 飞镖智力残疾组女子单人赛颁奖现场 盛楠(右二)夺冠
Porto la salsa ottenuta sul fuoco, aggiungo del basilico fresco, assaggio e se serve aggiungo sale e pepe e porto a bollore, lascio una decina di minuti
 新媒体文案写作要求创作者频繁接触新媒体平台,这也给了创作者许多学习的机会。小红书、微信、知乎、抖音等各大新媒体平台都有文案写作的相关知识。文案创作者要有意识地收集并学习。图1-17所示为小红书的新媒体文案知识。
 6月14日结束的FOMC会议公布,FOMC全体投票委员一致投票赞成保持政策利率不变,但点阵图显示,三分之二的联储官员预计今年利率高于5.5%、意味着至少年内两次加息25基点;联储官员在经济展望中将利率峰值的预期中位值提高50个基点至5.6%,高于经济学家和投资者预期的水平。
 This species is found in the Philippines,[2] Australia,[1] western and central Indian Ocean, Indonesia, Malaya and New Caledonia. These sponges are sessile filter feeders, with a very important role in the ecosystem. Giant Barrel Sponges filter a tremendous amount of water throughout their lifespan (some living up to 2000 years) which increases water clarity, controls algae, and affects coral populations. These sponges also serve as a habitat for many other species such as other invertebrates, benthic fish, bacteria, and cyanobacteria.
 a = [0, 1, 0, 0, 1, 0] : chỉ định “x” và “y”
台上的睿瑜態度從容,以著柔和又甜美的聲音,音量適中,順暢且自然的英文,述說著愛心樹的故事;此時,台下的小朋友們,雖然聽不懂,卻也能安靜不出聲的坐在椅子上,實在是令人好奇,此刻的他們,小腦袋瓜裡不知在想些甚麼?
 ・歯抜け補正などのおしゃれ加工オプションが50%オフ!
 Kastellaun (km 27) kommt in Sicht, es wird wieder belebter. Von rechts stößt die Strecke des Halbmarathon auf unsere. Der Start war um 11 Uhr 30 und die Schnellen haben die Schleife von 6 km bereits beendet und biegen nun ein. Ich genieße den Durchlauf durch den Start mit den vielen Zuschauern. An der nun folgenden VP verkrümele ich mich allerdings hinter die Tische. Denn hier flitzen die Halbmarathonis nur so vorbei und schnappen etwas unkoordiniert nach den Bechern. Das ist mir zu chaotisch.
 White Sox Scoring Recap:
******
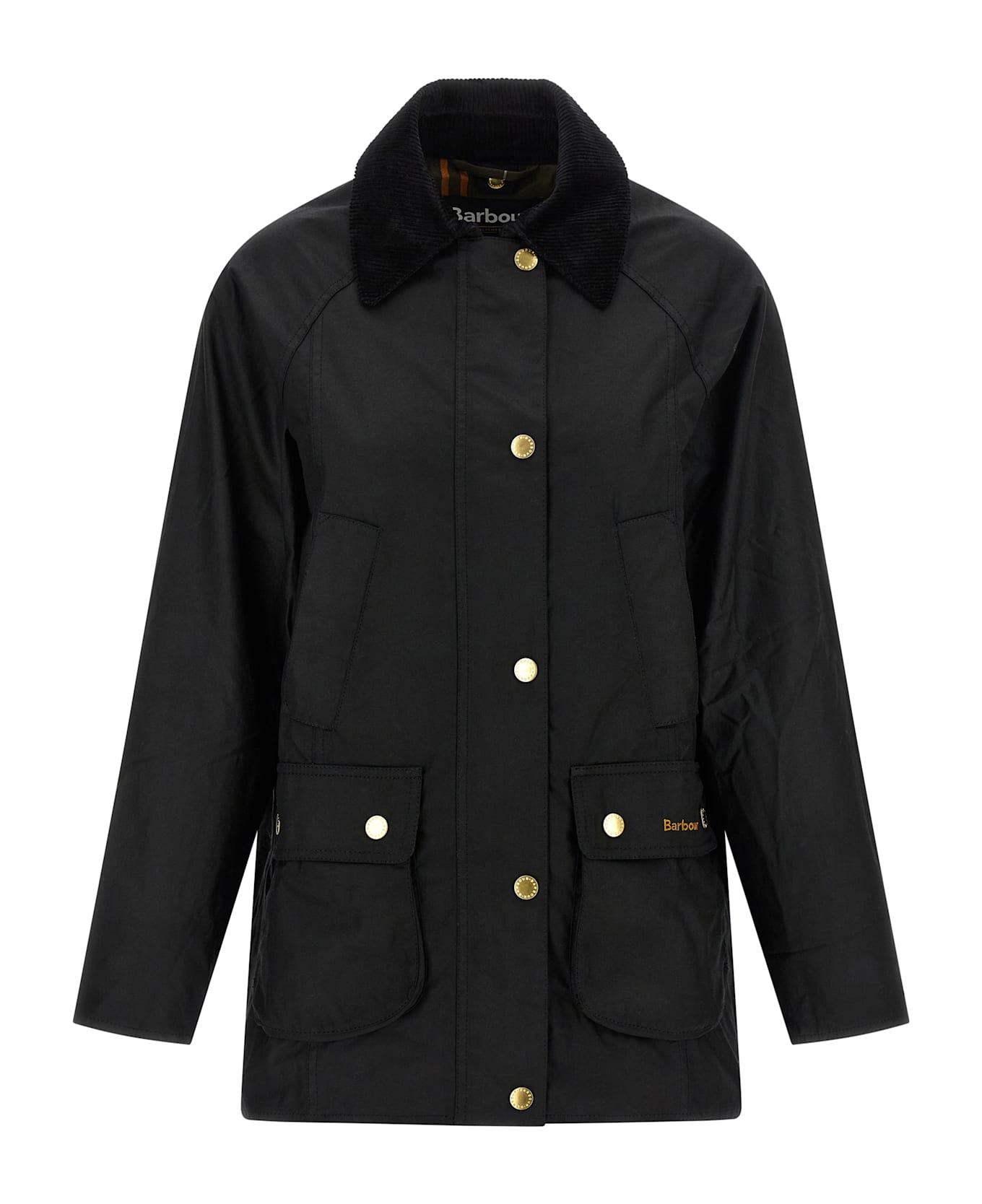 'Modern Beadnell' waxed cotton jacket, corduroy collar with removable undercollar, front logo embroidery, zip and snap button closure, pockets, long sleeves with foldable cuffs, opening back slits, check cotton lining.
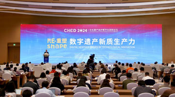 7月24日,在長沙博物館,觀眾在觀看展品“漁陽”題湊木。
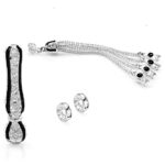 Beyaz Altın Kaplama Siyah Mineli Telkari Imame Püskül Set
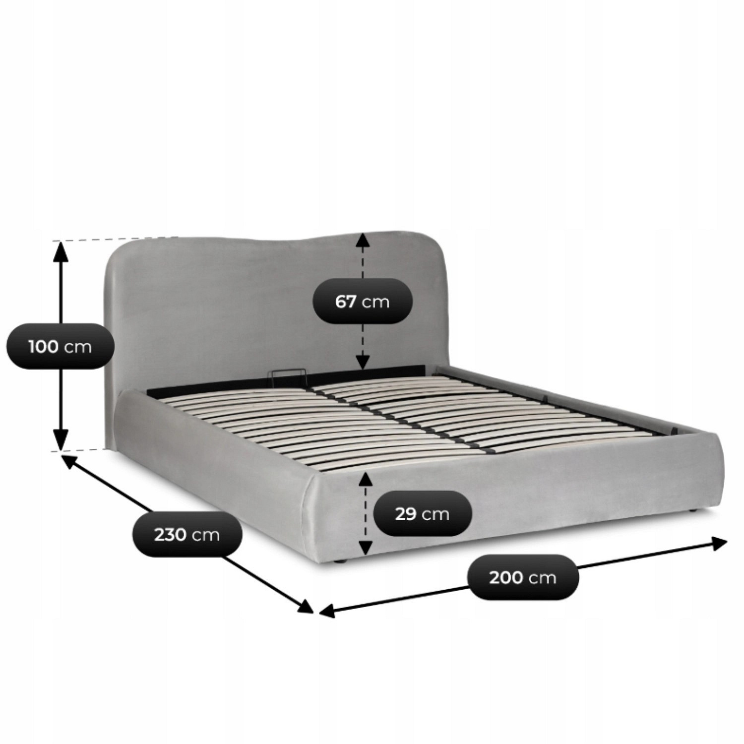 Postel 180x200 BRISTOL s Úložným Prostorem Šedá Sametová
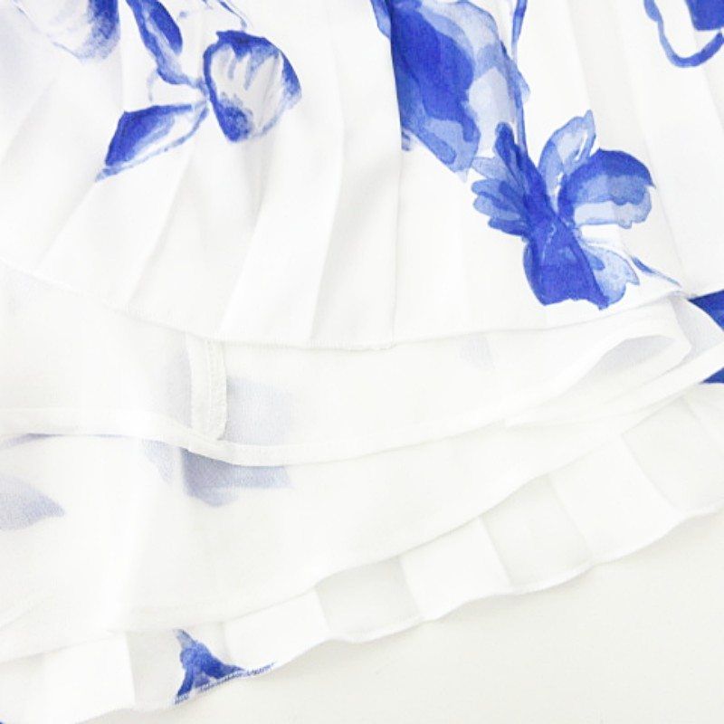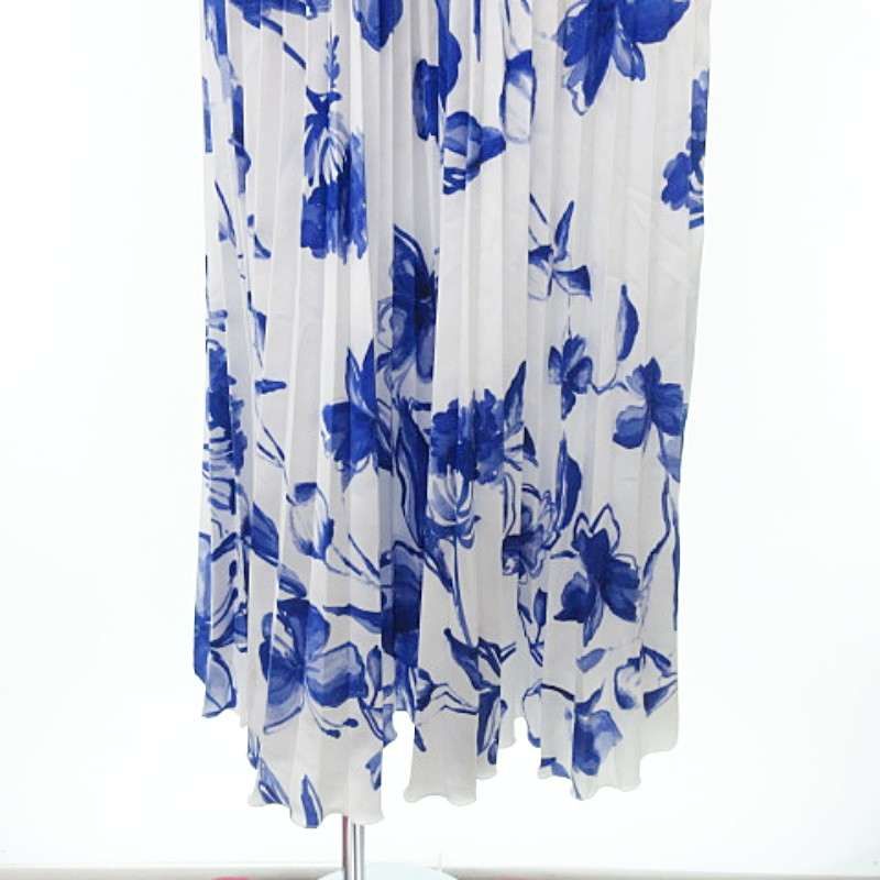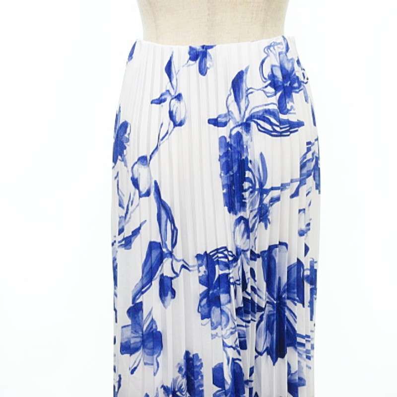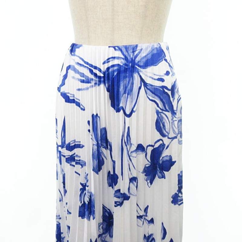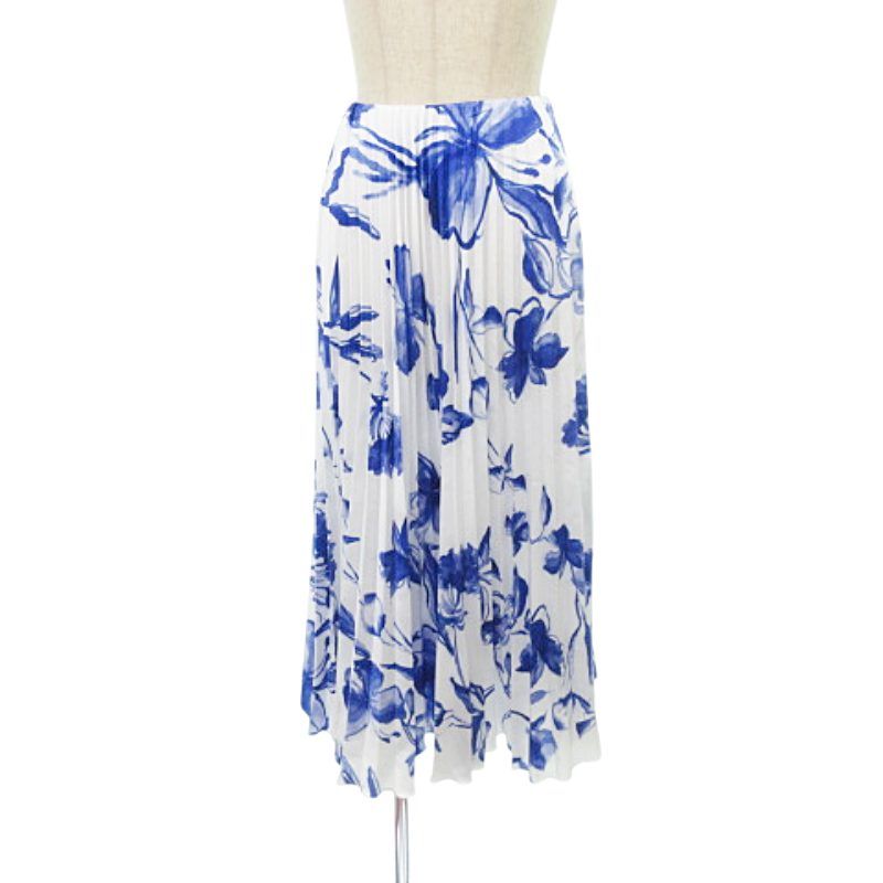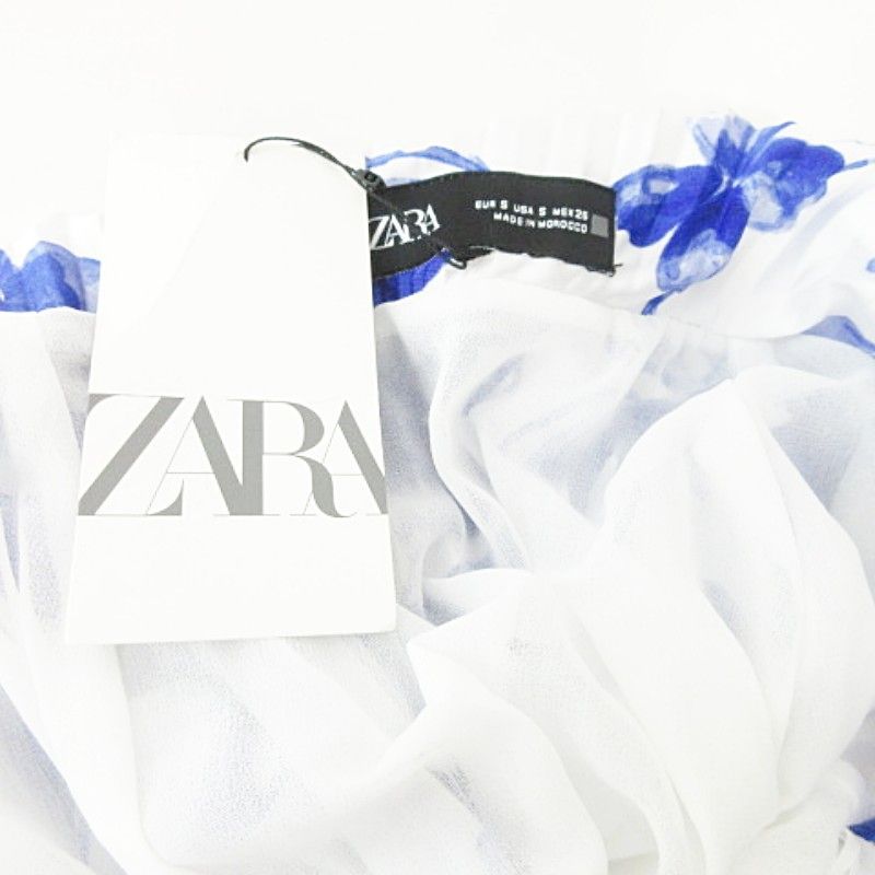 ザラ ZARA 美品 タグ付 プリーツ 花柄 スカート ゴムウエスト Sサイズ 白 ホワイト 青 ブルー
******
Exercise aim = Filter the entries down to the lines with the word "serve" in them.

Problem solution =
Porto la salsa ottenuta sul fuoco, aggiungo del basilico fresco, assaggio e se serve aggiungo sale e pepe e porto a bollore, lascio una decina di minuti
 This species is found in the Philippines,[2] Australia,[1] western and central Indian Ocean, Indonesia, Malaya and New Caledonia. These sponges are sessile filter feeders, with a very important role in the ecosystem. Giant Barrel Sponges filter a tremendous amount of water throughout their lifespan (some living up to 2000 years) which increases water clarity, controls algae, and affects coral populations. These sponges also serve as a habitat for many other species such as other invertebrates, benthic fish, bacteria, and cyanobacteria.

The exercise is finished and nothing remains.